NLP
===

.. post:: Jan 04, 2022
   :tags: courses

Terminology
-----------

Hyponum/hypernym: Hierarchical relationships e.g. types of fruits and then peach, apple, etc.
Meronym: Relationshiop between Part and whole e.g. wheel and car.
Coreference: she is the same as 'Mary'
Constituency trees: another way to represent syntax
Stemming: removing/replacing suffixes to get the root form
Lemmatization: base form of a word e.g. 'good' is a lemma of better'


Feature extraction
------------------

- Bag of words: vector for all the words in the corpus and have 0,1 to indicate presence of that word in a vector. Results in a really long vector which is sparse (i.e. lots of 0s)
- Neural network: create a word embeding - leads to a dense representation. e.g. we can do this with `word2vec`. Similar words are colinear i.e. vectors point in the same direction.

Text descriptors
----------------

For both types of features mentioned above, we can sum the vectors and get a good text descriptor e.g.

this  1 0 0
good  0 1 0
thing 0 0 1

so good thing would be the sum of the relevant vectors i.e. 0 1 1


Text decriptors using 'Convolutions and maximum pooling over time' ... need to look a bit more to get the intuition right.
- once we have the resulting vector, apply more layers ... multi-layer perceptron.. I lost track.


Perplexity
----------

perplexity is inversely proportional to likelihood.

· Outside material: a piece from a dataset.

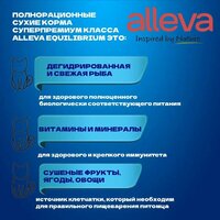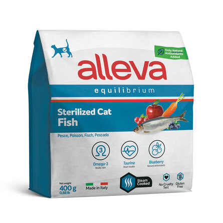 Alleva Equilibrium Cat, Sterilized Fish. Полнорационный сухой корм для взрослых стерилизованных кошек и кастрированных котов с рыбой. В линейке представлены продукты для животных с чувствительным пищеварением и склонностью к аллергиям, специальный корм для котят, а также стерилизованных кошек и кастрированных котов. Продукт приготовлен на пару, чтобы сохранить качество ингредиентов. В состав кормов Alleva Equilibrium добавлены фрукты и овощи (черника, клюква, яблоко и морковь) в качестве дополнительного источника растворимой клетчатки, витаминов и минералов, а также природных антиоксидантов, которые обеспечивают свежесть корма на протяжении всего срока годности. В составе кормов Alleva Equilibrium содержится как свежее, так и дегидратированное мясо, что гарантирует превосходный вкус и высокое качество белков животного происхождения. Благодаря широкому ассортименту различных вкусов (кролик, курица, утка, оленина и рыба) для любой даже самой привередливой кошки возможно подобрать оптимальный рацион и разнообразить питание. Источники жиров проходят строгий контроль: рыбий и куриный жир сохраняются при помощи использования природных антиоксидантов, проходят проверку, а также полный анализ незаменимых жирных кислот, чтобы гарантировать оптимальный баланс Омега-6 и Омега-3. Также формула кормов обогащена таурином и L-карнитином для поддержания работы основных систем организма.

The lower it is, the better it is

language modelling : helps us predict the next words in a sequence of words
Makov chains test us that we don't need to keep track of all the previous words, only n of them.
Which that in mind, we can have a mathematical model like this:

p(word) = p(w1|<start>) . p(w2|w1) . p(w3|w2) . ... p(<end> | w n)

Perplexity is inversely proportional to the above.

Smoothing
---------

If any one of the probablities is 0, the whole thing breaks down. So we need to apply smoothing.

Laplacian is 1-plus smoothing. We make the 0s into 1s and increase the counts for everything else to balance for what we have added.